Max Hunziker (RGL)
MAX HUNZIKER
La rare qualité de l’émotion que provoque la contemplation des œuvres de Max Hunziker – leur profonde valeur humaine – prennent source et peuvent se réduire, en dernière analyse, à cette vertu essentielle : l’honnêteté.
Si, du premier jour où je les ai vus, j’ai admiré sans réserves les dessins à l’encre de Chine de Max Hunziker : simplicité du sujet, noblesse ascétique des personnages, le trait à la fois énergique et nerveux qui esseule chaque silhouette d’un large cerne noir, franc mais tout sensible, jamais empâté, et les harmonies de rêve de tous ces gris : reflets de miroirs, sombres intérieurs, paysages d’éclipse, par contre ses anciens tableaux pêchaient peut-être encore par un certain pittoresque campagnard et un goût un peu facile des formes et des couleurs décoratives.
Les œuvres récemment exposées à la Galerie Pierre sont définitivement sauvées de ces faiblesses. Et c’est presque une gageure, car Max Hunziker, qui est Suisse, choisit comme Ramuz tous ses sujets d’inspiration dans la vie agreste des cantons helvétiques montagnards.
Et le « genre paysan » est particulièrement décevant : il glisse trop souvent à l’anecdote, au chantage sentimental.

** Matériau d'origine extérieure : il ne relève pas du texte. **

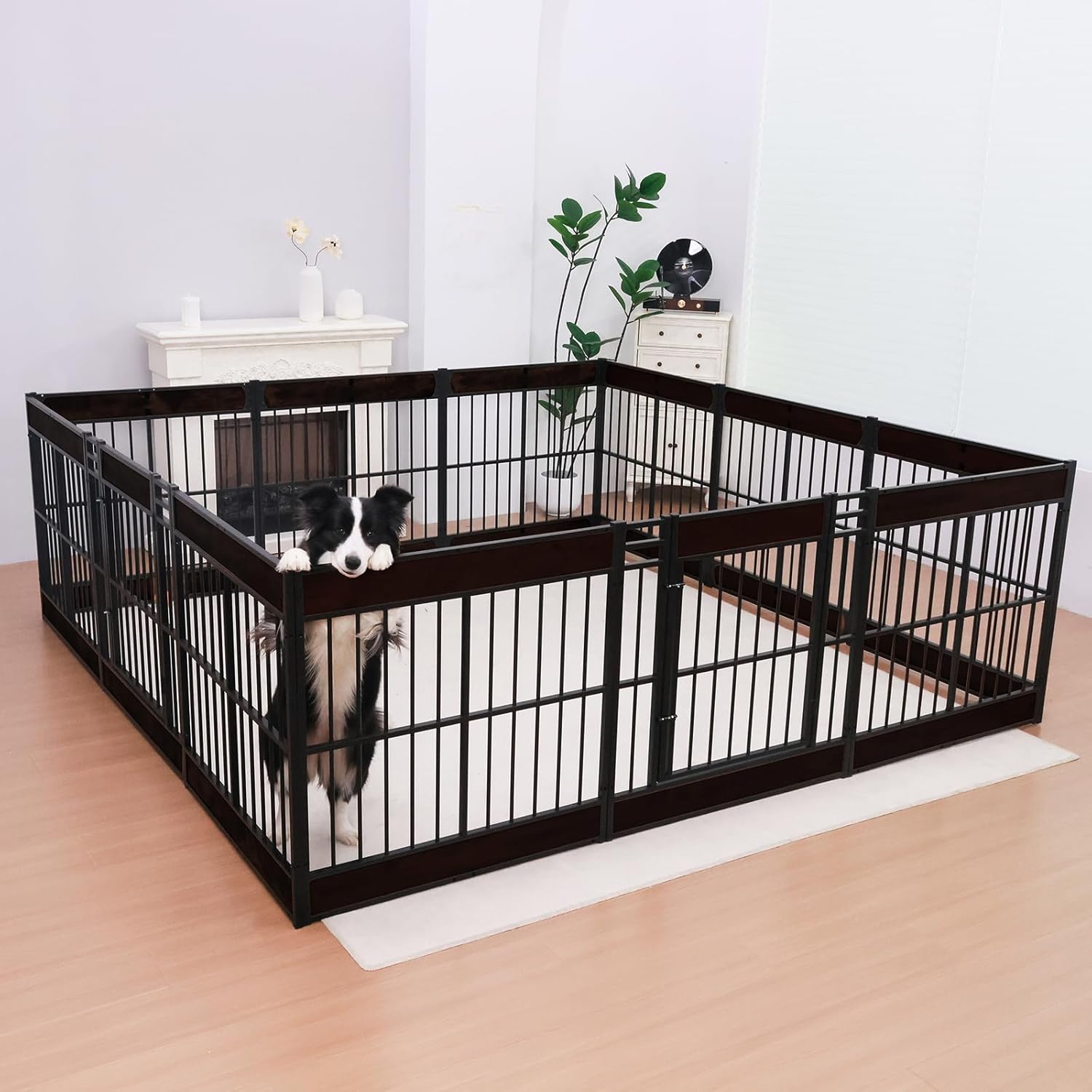 - 【Sturdy Construction】 Our puppy enclosure is made of durable metal pieces and wood, which increases the service life and durability, strong and durable, not easy to be damaged by small pets. It also adds beauty and can be better integrated with your decoration. The rounded edges are designed to prevent pets from being scratched and keep our pets safe.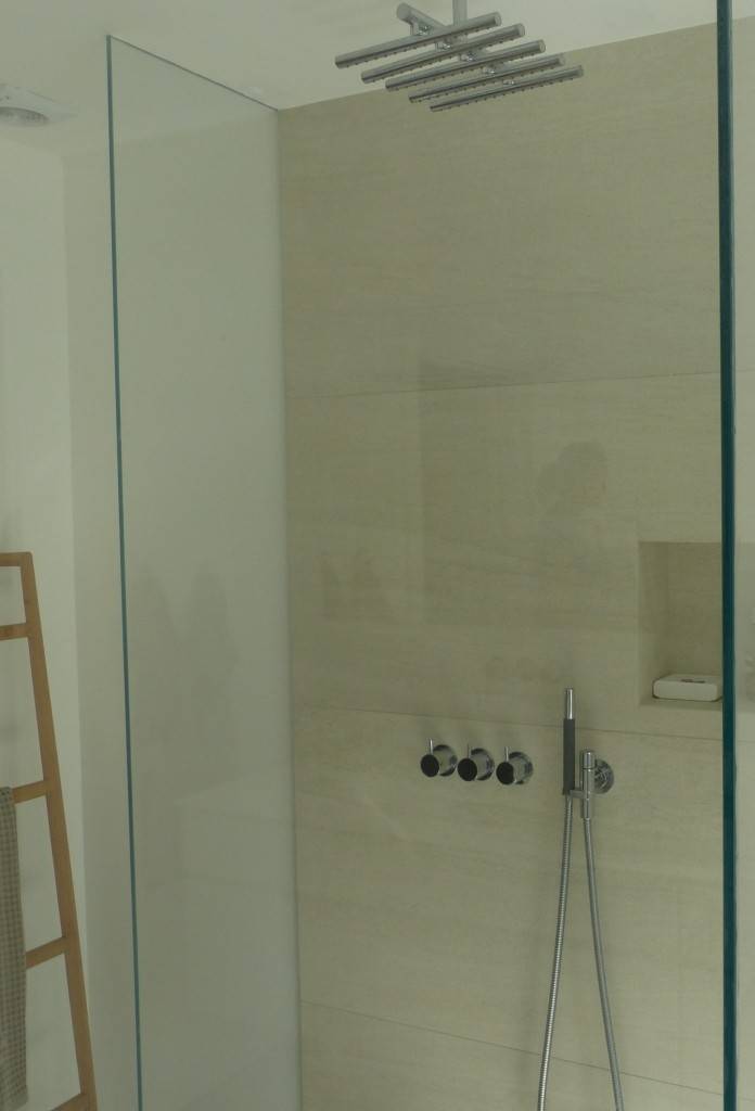 I badværelse og bryggers blev lagt 70 x 70 cm store lyse travertin gulvfliser med knasfuger.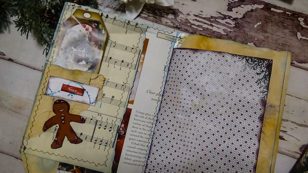 For my project, I made a one signature journal using glitter, Glossy accents, a doily, and cheesecloth. Added some old book pages, music sheets, vintage papers and more to give the folio an eclectic, yet nostalgic holiday feel. I used both of the Multimedia Crafts digital blog and Facebook freebies, as well as the new, “Christmas Charm” Etsy digital kit. Enjoy the photos of my project below.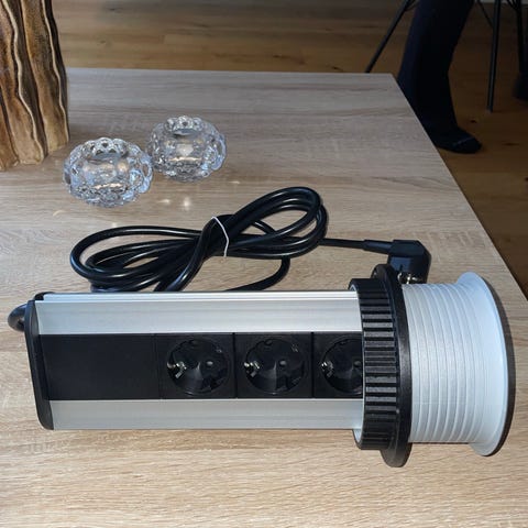 Evoline pop-up kontaktpelare 93100001 med uttag för 3 kontakter. Monteras nedsänkt i bordsskiva och lyfts upp när uttagen ska användas. Aldrig varit installerad. Nypris ca 2400kr, säljs för 950kr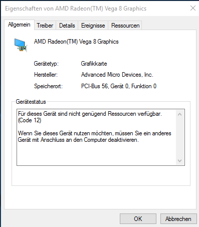 Ich habe dann überall nach Infos gesucht wenn ich in den Gerätemanager wird mir "Für dieses Gerät sind nicht genügend Ressourcen verfügbar. (Code 12)" Angezeit ich weiß einfach nicht was ich tun soll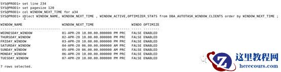 SYS@PROD1> set line 234SYS@PROD1> set pagesize 120SYS@PROD1> col WINDOW_NEXT_TIME fora34SYS@PROD1> select WINDOW_NAME,WINDOW_NEXT_TIME , WINDOW_ACTIVE,OPTIMIZER_STATS from DBA_AUTOTASK_WINDOW_CLIENTS order by WINDOW_NEXT_TIME ;WINDOW_NAME WINDOW_NEXT_TIME WINDO OPTIMIZE---------------------------------------------------------------- ----- --------WEDNESDAY_WINDOW 01-APR-20 10.00.00.000000 PMPRC FALSE ENABLEDTHURSDAY_WINDOW 02-APR-20 10.00.00.000000 PMPRC FALSE ENABLEDFRIDAY_WINDOW 03-APR-20 10.00.00.000000 PMPRC FALSE ENABLEDSATURDAY_WINDOW 04-APR-20 06.00.00.000000 AMPRC FALSE ENABLEDSUNDAY_WINDOW 05-APR-20 06.00.00.000000 AMPRC FALSE ENABLEDMONDAY_WINDOW 06-APR-20 10.00.00.000000 PMPRC FALSE ENABLEDTUESDAY_WINDOW 07-APR-20 10.00.00.000000 PMPRC FALSE ENABLED7 rows selected.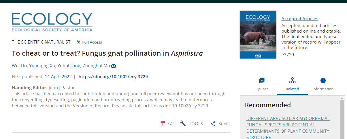 研究成果以“To cheat or to treat? Fungus gnat pollination in Aspidistra”为题于2022年4月14日在线发表在生态学领域经典期刊《Ecology》上。伟德国际victor1946硕士研究生林威为该论文的第一作者,中国科学院昆明植物研究所博士研究生徐苑卿为共同第一作者,马仲辉副教授为通讯作者,伟德国际victor1946为第一作者单位。

Mais ici, à force de simplicité, de refus devant toute facilité pittoresque, une grandeur humaine est atteinte qui dépasse et laisse indifférent tout sujet, simple point de départ.
Les paysages restituent merveilleusement la clarté, la fraîcheur, la pureté, la légèreté, la raréfaction de l’air des cimes dans une lumière de miracle.
Mais le tragique humain et bestial inspire les meilleures réussites de Hunziker. Tantôt dans l’ombre d’une étable où une vache meugle son agonie devant une paysanne éplorée, toutes formes se confondent en un brun à la fois obscur et doré qui évoque l’unité du terroir d’où tout sort, dont tout vit, où tout retourne à la mort.
Tantôt, de sujets aussi différents que le meurtre d’Abel par Caïn, les horreurs de la guerre d’Espagne, ou des taureaux couronnés de comices agricoles, il fait des sortes d’enluminures marquetées comme des vitraux, aux tons simples et violents, et d’une indéniable grandeur dans leur simplicité. Mieux encore, la hantise et l’amour des pays primitifs et des gens simples de son enfance lui donnent la clef du royaume souterrain des mystères qui lient originellement l’homme à la terre et aux éléments. Avec un réalisme fantastique, il ressuscite les mythes primordiaux des vieux rites païens.
Par ailleurs, on a pu voir récemment, chez J. Corti, quelques dessins de Max Hunziker destinés à illustrer « Une Saison en Enfer ». La librairie Corti les exposait en compagnie de dessins d’André Masson pour « Les Illuminations » et de dessins de Salvador Dali pour « Les Chants de Maldoror ».
L’illustration plastique d’une œuvre littéraire et surtout d’un poème constitue un genre particulièrement dangereux et toujours assez arbitraire. Pierre d’achoppement : la platitude inhérente à tout symbolisme littéraire. En ce péril, quand les deux autres se confient à la surabondance de leur imagination lyrique et fantastique, Max Hunziker se laisse guider comme toujours par son étoile de salut : simplicité, honnêteté.
Un homme nu, les bras levés vers le ciel qu’il maudit, se dresse immense sur un paysage désertique : la grandeur de l’humaine stature seule debout sur la terre, entourée de l’horizon sans bornes, hante tous les dessins de Max Hunziker.
La grandeur, la simplicité de cette figure rappelle irrésistiblement ces gravures anciennes des grimoires d’alchimistes où la figure de l’Homme cosmique, de l’« Adam-Kadmon » symbolique, règne sur le monde, auréolée d’images astrales et de signes cabalistiques qui lui donnent puissance sur les quatre éléments.
Aussi bien l’une des tâches les plus hautes de la peinture, à travers les âges, n’est-elle pas de dénoncer les rapports intimes qui unissent l’homme à la terre, à l’eau, au ciel et au feu.